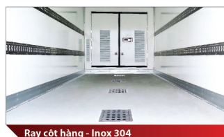
Ray cột hàng - Inox 304
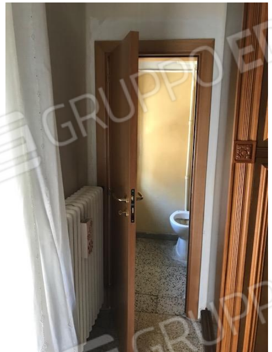
Camera da letto e servizio igienico comunicante
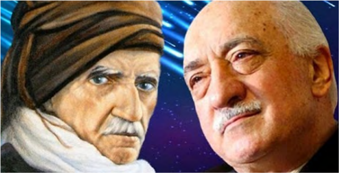
Սաիդ-ի Նուրսին և Ֆեթհուլահ Գյուլենը

շարք հետաքննություններ որևէ արդյունք չեն ունեցել ապացույցների բացակայության պատճառով: 1980 թ. սեպտեմբերի 12-ի ռազմական հեղաշրջումից հետո՝ 1981 թ., Գյուլենը թողել է հոգևորականի պաշտոնը: 1988-1991 թթ. ելույթներ է ունեցել մեծ քաղաքների մզկիթներում: Սույն աշխատանքների շնորհիվ հանրահայտ է դարձել Թուրքիայի իսլամական շրջանակներում: Այդ ժամանակաշրջանում ընդգրկվել է «Նուր» շարժման մեջ, որի շնորհիվ նրա կշիռը բավականին մեծացել է քաղաքական շրջանակներում: 1996 թ. ապրիլի 4-ին հանդիպում է ունեցել Ֆեների հունաց տիեզերական պատրիարքի հետ՝ միջկրոնական երկխոսություն ծավալելու նպատակով: Միջկրոնական երկխոսությանն ուղղված աշխատանքները շարունակվել են նաև հետագայում: Այսպես՝ 1998 թ. հունվարի 23-ին նա մոտ կեսժամանոց հանդիպում է ունեցել նաև Հռոմի պապ Հովհաննես-Պողոս Երկրորդի հետ: Գյուլենը ներկայումս բնակվում է ԱՄՆ-ում: Բազմաթիվ գրքերի և հոդվածների հեղինակ է: Իսլամական չափավորության գաղափարախոս է, ով կողմ է հանդուրժողականությանը և միջկրոնական երկխոսությանը:

Your objective » When copying the listing above, begin at its first line and stop after the line with "Սաիդ-ի Նուրսին և Ֆեթհուլահ Գյուլենը", keeping each line exact and dropping the pictures.

Problem solution »
Ray cột hàng - Inox 304
Camera da letto e servizio igienico comunicante
Սաիդ-ի Նուրսին և Ֆեթհուլահ Գյուլենը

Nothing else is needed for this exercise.